# Work request
Give the records below again, word for word. No pictures belong in the copy.

(Saved data entries)
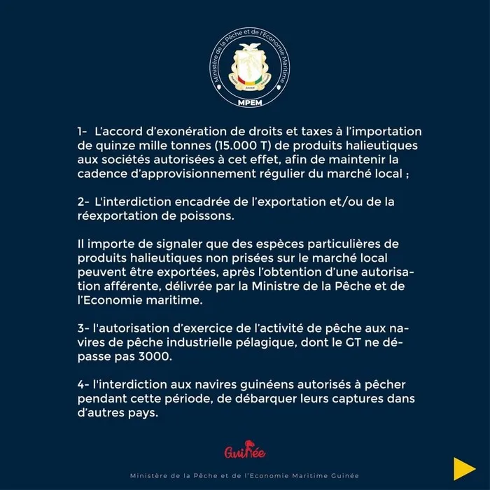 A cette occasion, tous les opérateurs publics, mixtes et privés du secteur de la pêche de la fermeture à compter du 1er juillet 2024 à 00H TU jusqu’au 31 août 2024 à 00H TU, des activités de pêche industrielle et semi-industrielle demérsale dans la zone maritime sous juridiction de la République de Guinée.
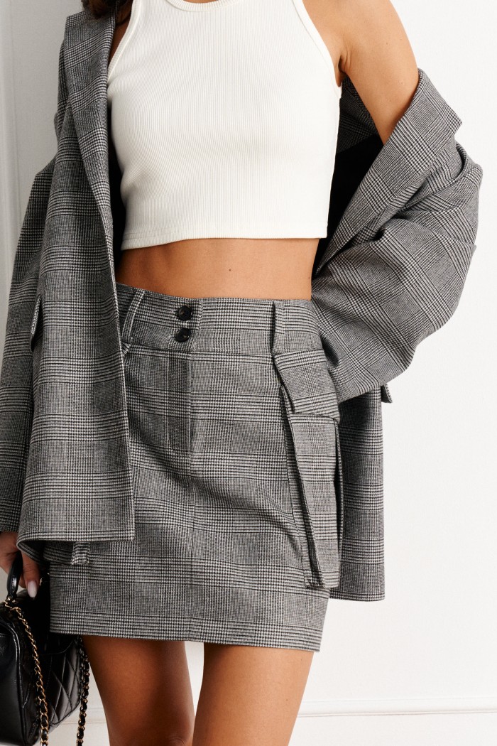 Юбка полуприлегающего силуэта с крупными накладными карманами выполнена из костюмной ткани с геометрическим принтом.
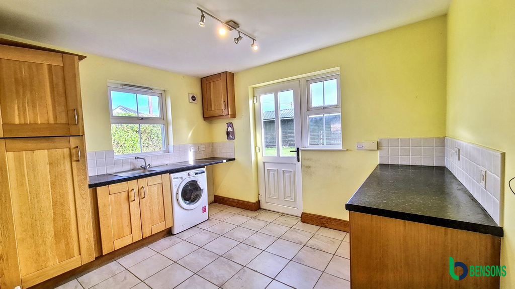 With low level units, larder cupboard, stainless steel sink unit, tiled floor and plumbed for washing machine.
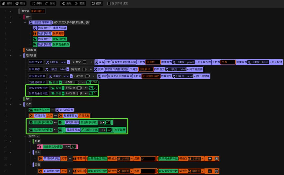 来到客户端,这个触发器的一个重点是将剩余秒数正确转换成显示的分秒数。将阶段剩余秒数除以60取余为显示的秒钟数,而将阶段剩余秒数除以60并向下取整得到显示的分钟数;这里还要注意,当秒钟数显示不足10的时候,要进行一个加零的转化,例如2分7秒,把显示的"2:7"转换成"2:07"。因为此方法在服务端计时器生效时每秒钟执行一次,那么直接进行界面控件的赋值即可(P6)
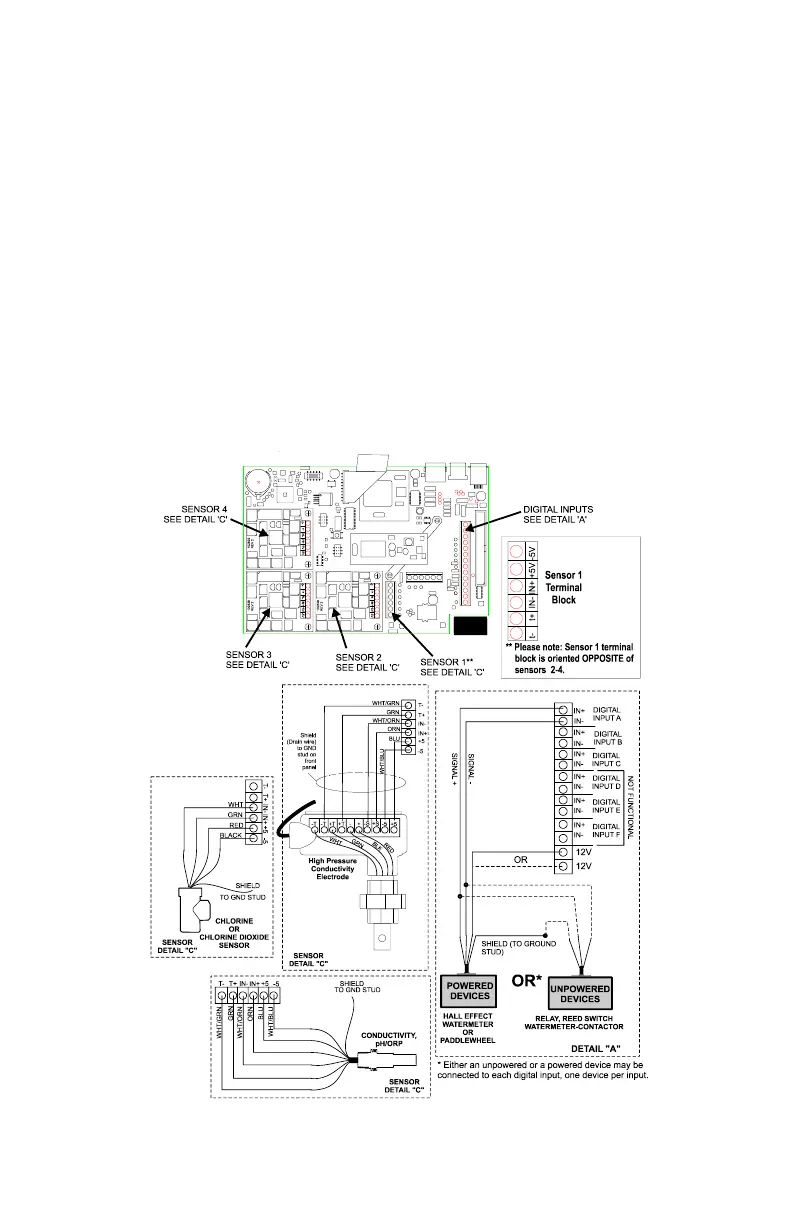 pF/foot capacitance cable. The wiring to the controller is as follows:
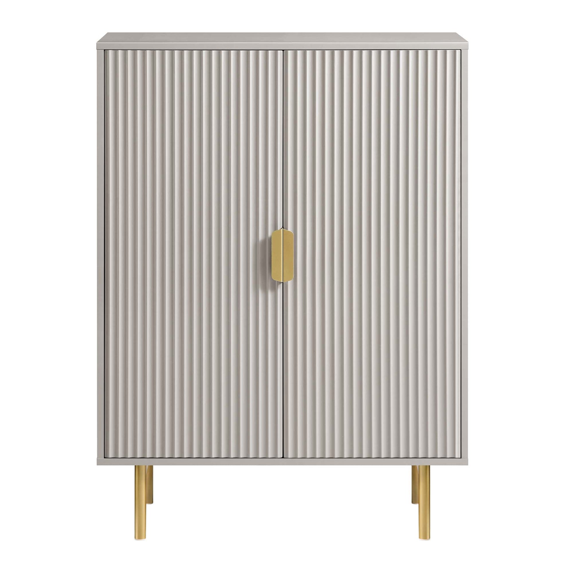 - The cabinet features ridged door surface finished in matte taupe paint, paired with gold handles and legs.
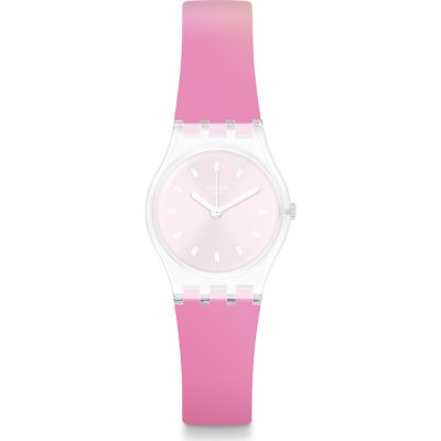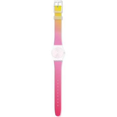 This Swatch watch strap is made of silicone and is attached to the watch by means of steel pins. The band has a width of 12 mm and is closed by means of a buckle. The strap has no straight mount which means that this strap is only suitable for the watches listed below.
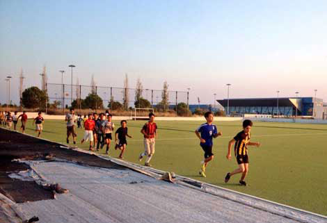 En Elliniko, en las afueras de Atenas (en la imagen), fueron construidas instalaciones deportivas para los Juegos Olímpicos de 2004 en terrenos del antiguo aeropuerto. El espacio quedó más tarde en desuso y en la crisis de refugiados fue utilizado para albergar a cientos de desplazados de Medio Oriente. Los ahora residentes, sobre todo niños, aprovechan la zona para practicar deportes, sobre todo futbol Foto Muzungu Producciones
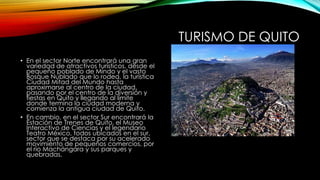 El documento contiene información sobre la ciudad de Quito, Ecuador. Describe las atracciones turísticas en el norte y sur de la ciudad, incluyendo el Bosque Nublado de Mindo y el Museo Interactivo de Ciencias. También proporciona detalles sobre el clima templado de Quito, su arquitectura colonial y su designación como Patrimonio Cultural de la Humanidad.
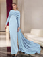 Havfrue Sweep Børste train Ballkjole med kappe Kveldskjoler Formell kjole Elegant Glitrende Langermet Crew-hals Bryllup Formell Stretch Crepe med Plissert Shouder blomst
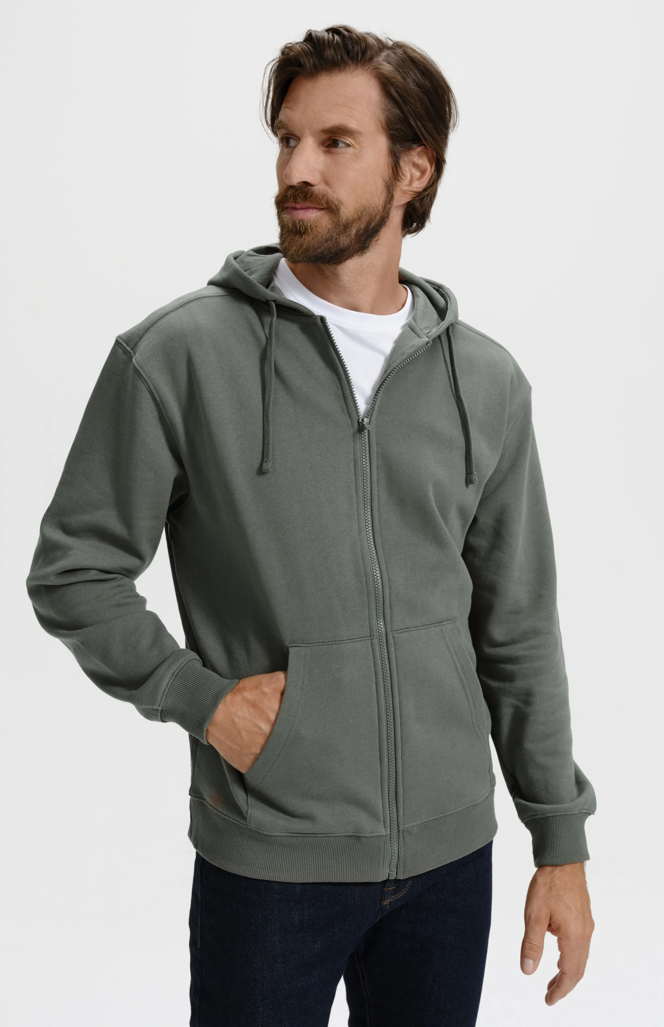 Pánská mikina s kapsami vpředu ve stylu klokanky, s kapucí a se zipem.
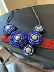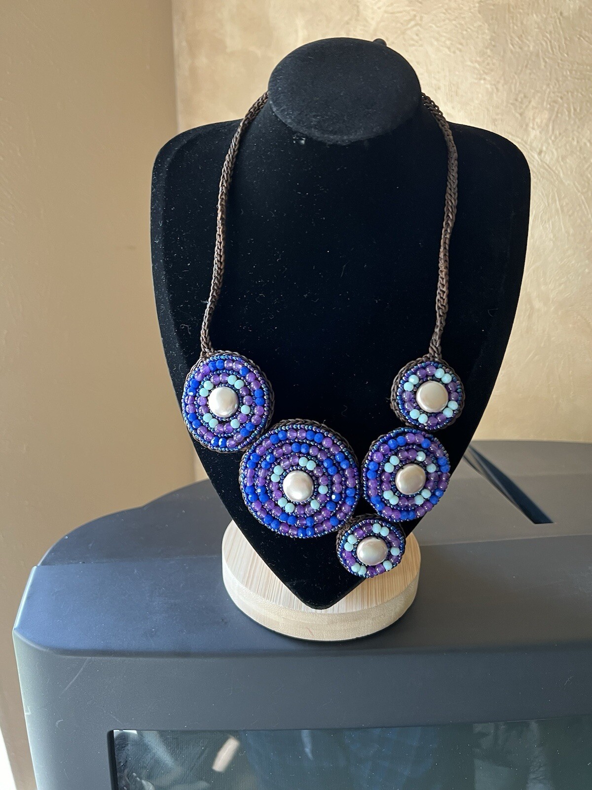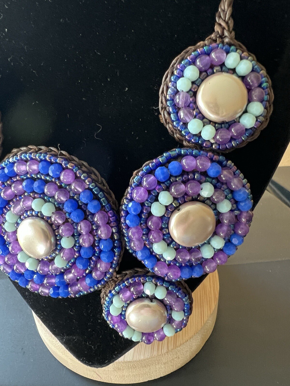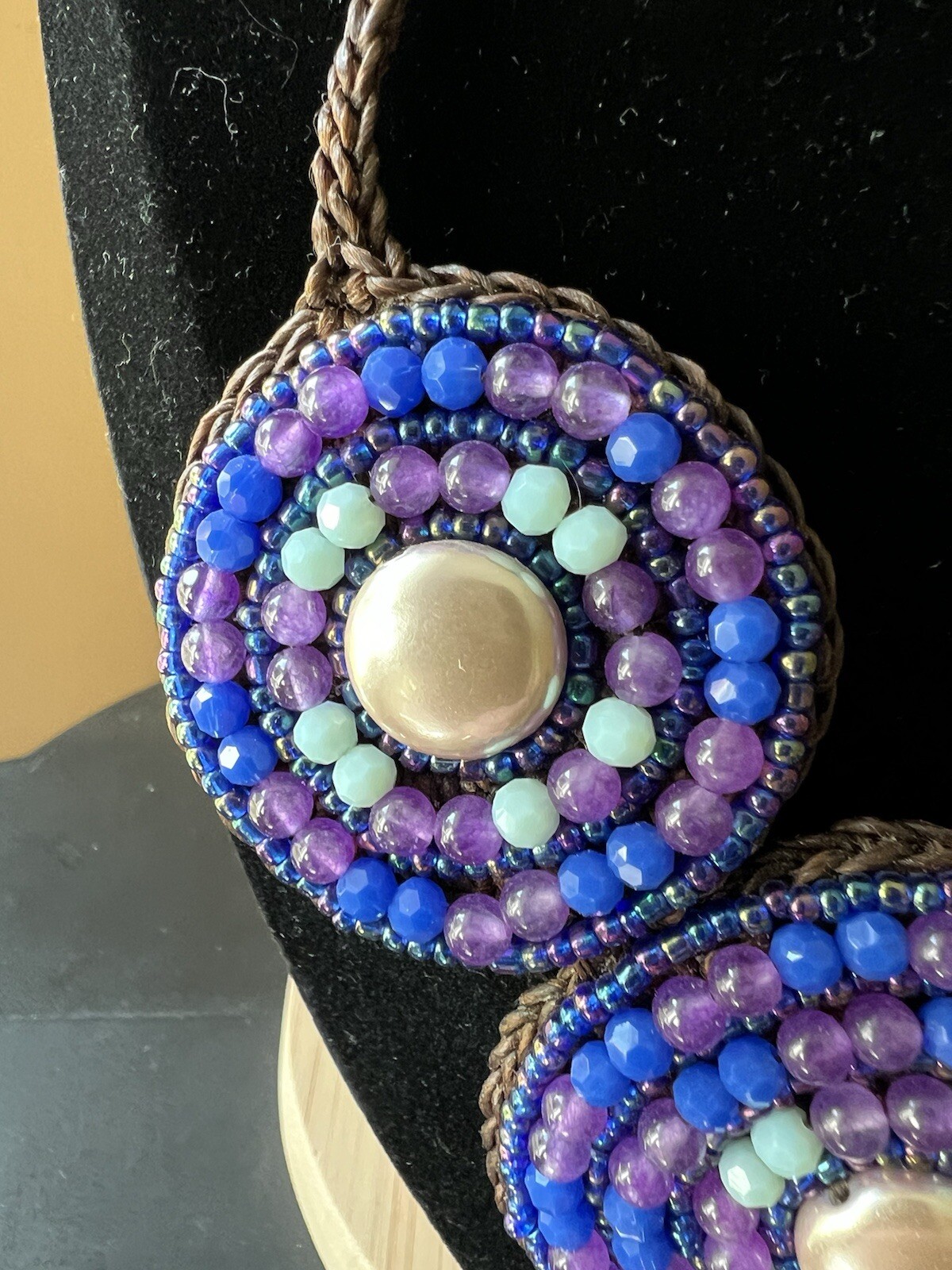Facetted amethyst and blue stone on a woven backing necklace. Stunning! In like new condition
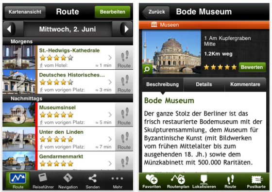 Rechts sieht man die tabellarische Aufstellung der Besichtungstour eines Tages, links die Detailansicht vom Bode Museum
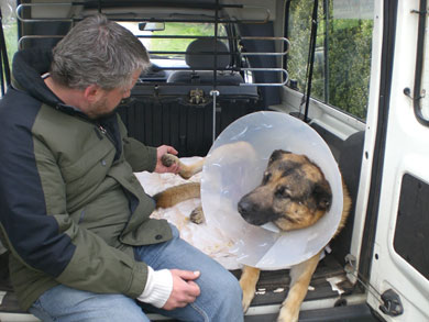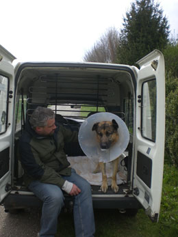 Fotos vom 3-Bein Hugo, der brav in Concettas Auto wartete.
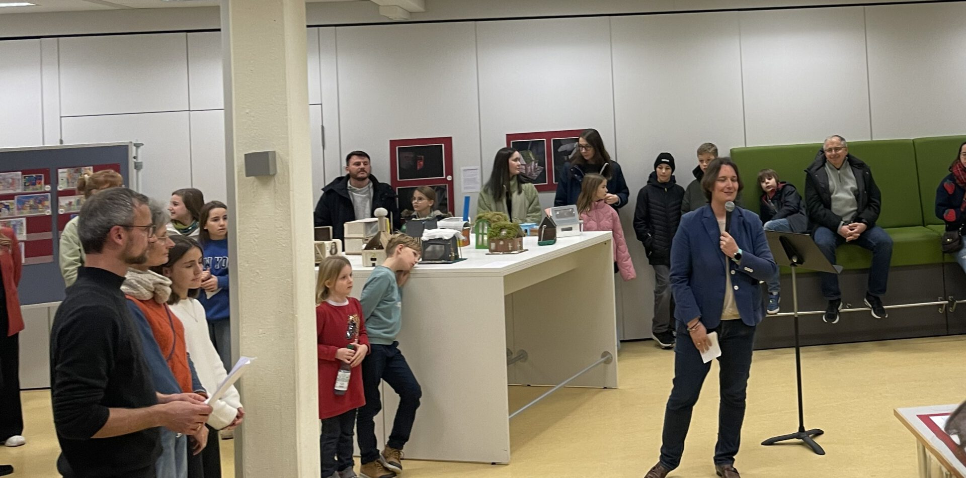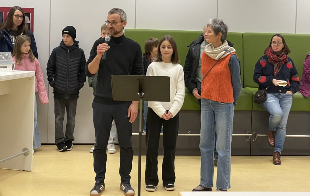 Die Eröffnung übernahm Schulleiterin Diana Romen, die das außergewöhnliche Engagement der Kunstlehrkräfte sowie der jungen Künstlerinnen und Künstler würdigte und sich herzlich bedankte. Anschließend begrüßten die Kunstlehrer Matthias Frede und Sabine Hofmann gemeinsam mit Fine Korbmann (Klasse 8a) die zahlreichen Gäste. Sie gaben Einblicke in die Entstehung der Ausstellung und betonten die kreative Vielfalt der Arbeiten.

# Written answer
 A cette occasion, tous les opérateurs publics, mixtes et privés du secteur de la pêche de la fermeture à compter du 1er juillet 2024 à 00H TU jusqu’au 31 août 2024 à 00H TU, des activités de pêche industrielle et semi-industrielle demérsale dans la zone maritime sous juridiction de la République de Guinée.
 Юбка полуприлегающего силуэта с крупными накладными карманами выполнена из костюмной ткани с геометрическим принтом.
 With low level units, larder cupboard, stainless steel sink unit, tiled floor and plumbed for washing machine.
 来到客户端,这个触发器的一个重点是将剩余秒数正确转换成显示的分秒数。将阶段剩余秒数除以60取余为显示的秒钟数,而将阶段剩余秒数除以60并向下取整得到显示的分钟数;这里还要注意,当秒钟数显示不足10的时候,要进行一个加零的转化,例如2分7秒,把显示的"2:7"转换成"2:07"。因为此方法在服务端计时器生效时每秒钟执行一次,那么直接进行界面控件的赋值即可(P6)
 pF/foot capacitance cable. The wiring to the controller is as follows:
 - The cabinet features ridged door surface finished in matte taupe paint, paired with gold handles and legs.
 This Swatch watch strap is made of silicone and is attached to the watch by means of steel pins. The band has a width of 12 mm and is closed by means of a buckle. The strap has no straight mount which means that this strap is only suitable for the watches listed below.
 En Elliniko, en las afueras de Atenas (en la imagen), fueron construidas instalaciones deportivas para los Juegos Olímpicos de 2004 en terrenos del antiguo aeropuerto. El espacio quedó más tarde en desuso y en la crisis de refugiados fue utilizado para albergar a cientos de desplazados de Medio Oriente. Los ahora residentes, sobre todo niños, aprovechan la zona para practicar deportes, sobre todo futbol Foto Muzungu Producciones
 El documento contiene información sobre la ciudad de Quito, Ecuador. Describe las atracciones turísticas en el norte y sur de la ciudad, incluyendo el Bosque Nublado de Mindo y el Museo Interactivo de Ciencias. También proporciona detalles sobre el clima templado de Quito, su arquitectura colonial y su designación como Patrimonio Cultural de la Humanidad.
 Havfrue Sweep Børste train Ballkjole med kappe Kveldskjoler Formell kjole Elegant Glitrende Langermet Crew-hals Bryllup Formell Stretch Crepe med Plissert Shouder blomst
 Pánská mikina s kapsami vpředu ve stylu klokanky, s kapucí a se zipem.
Facetted amethyst and blue stone on a woven backing necklace. Stunning! In like new condition
 Rechts sieht man die tabellarische Aufstellung der Besichtungstour eines Tages, links die Detailansicht vom Bode Museum
 Fotos vom 3-Bein Hugo, der brav in Concettas Auto wartete.
 Die Eröffnung übernahm Schulleiterin Diana Romen, die das außergewöhnliche Engagement der Kunstlehrkräfte sowie der jungen Künstlerinnen und Künstler würdigte und sich herzlich bedankte. Anschließend begrüßten die Kunstlehrer Matthias Frede und Sabine Hofmann gemeinsam mit Fine Korbmann (Klasse 8a) die zahlreichen Gäste. Sie gaben Einblicke in die Entstehung der Ausstellung und betonten die kreative Vielfalt der Arbeiten.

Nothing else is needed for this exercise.